I think this will be the twenty-fourth, and It’s been good. I think I’m harsher on the film and myself than anyone else is. It’s been overwhelmingly well accepted and reviewed. My focus always was to tell a story, and I think that’s kind of like a welcome approach that many people seem to be responding to.
Why do you think people are responding well to your storytelling?
I can’t speak to larger societal concerns or anything, nor do I really want to. But I was a kid in the 1980s and 90s, so the specter of New Hollywood in the 1970s, which is still considered Hollywood’s greatest period, was the thing that kind of lingered over me. The stories were complex and functioned in and of themselves simply as an idea of exploring someone’s journey, discovery and sometimes descent into a not-so-great kind of moral territory, but still a story. I feel like we’ve entered a time where movies seem to be much more interested in telling you what to think and being less interested in just allowing the story to be about real people doing real things. So, I was interested in telling a story that reminded me of the kind of movies that I grew up with, and the kind of movies that I enjoy watching where I don’t feel like I’m being told what to think.
How did the idea come to you?
It’s impossible to identify the moment when it happened, but dramatically the idea of questioning the importance of family that’s a scene and topic that is very close to my heart. I’ve always struggled, especially because I’m Greek American and I grew up predominantly in Greece, but the family I identified with most is my American family in Missouri.
This idea of the importance of family, we hear it all the time. We’re inundated with it in advertising, stories, books, music and everything, and it was something I didn’t quite understand because I wasn’t surrounded with family.
If we’re gonna be honest, the people that hurt us the most are the people who are closest to us who are also our family, and we’re not ever really able to question whether or not we’re right to place “family” on such a high pedestal. I like to try to poke holes in that.
That theme is always hovering in the back of my mind, and when COVID-19 hit, I realized I was suddenly blessed, or cursed, with a lot of extra time. I told myself if I don’t use this time productively to finally at least try to come up with some idea of a feature that’s feasible to make in these circumstances, then I’m kind of fooling myself, and I’ll probably never do it. I put together a whole bunch of ideas, and out of the hundreds of ideas that I came up with, the one that kind of kept appealing to me the most was this one about two sisters—both of whom have a father figure who was largely absent. I hit the ground running and over the next three or four months, I wrote several drafts of the script.
Where did you film?
Predominantly in Brooklyn and in one location in Manhattan. It was mainly in locations that we had access to, meaning we wouldn’t have to pay for them. I have enough experience with short films to know that part of the success of your film is dependent on the believability of the locations. There’s no sense writing a film about, for example, the Iraq War if you’re not going to be able to go there or have a plausible replacement.
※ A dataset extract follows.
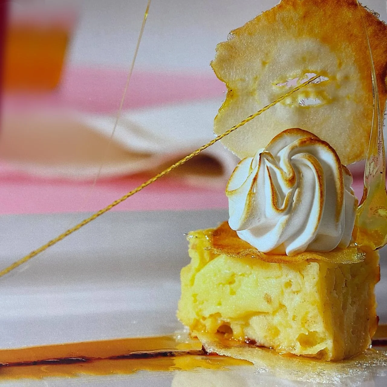 ШАГ 4 Перед подачей выложить на каждую порцию слой безе и посыпать корицей, которую затем подрумянить в духовке или с помощью кулинарного фломбера. Каждую порцию украсить сушеными яблоками.

You and Clare Louise Frost have a production company called SK Deli Market. What are some other projects that you are working on?
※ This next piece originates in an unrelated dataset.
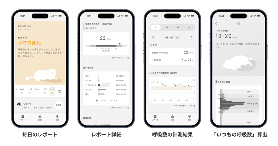 デバイスに搭載されたミリ波センサーにより、非接触で安静時の呼吸数を計測します。首輪やウェアラブルデバイスが苦手な猫でも、普段どおりの生活の中で自然に健康状態を把握できます。
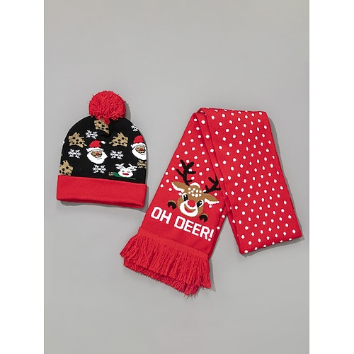 Set di cappello e sciarpa natalizi da donna in maglia, motivo renna, molteplici fantasie, comodo e festoso per feste e abbigliamento invernale

Unfortunately, we didn’t have the budget to do more features immediately, but we’ve produced two more shorts in the aftermath of the Sisters Karras feature.
What’s next for the film?
We are finalizing a distribution deal. If everything goes to plan, the film should be streaming on whatever service they identify by August. Hopefully a wider audience will result in more people discovering the film and liking the film. In the film business, the currency from your last project gets the next one made. So hopefully it’s on to the next one, and then another after that.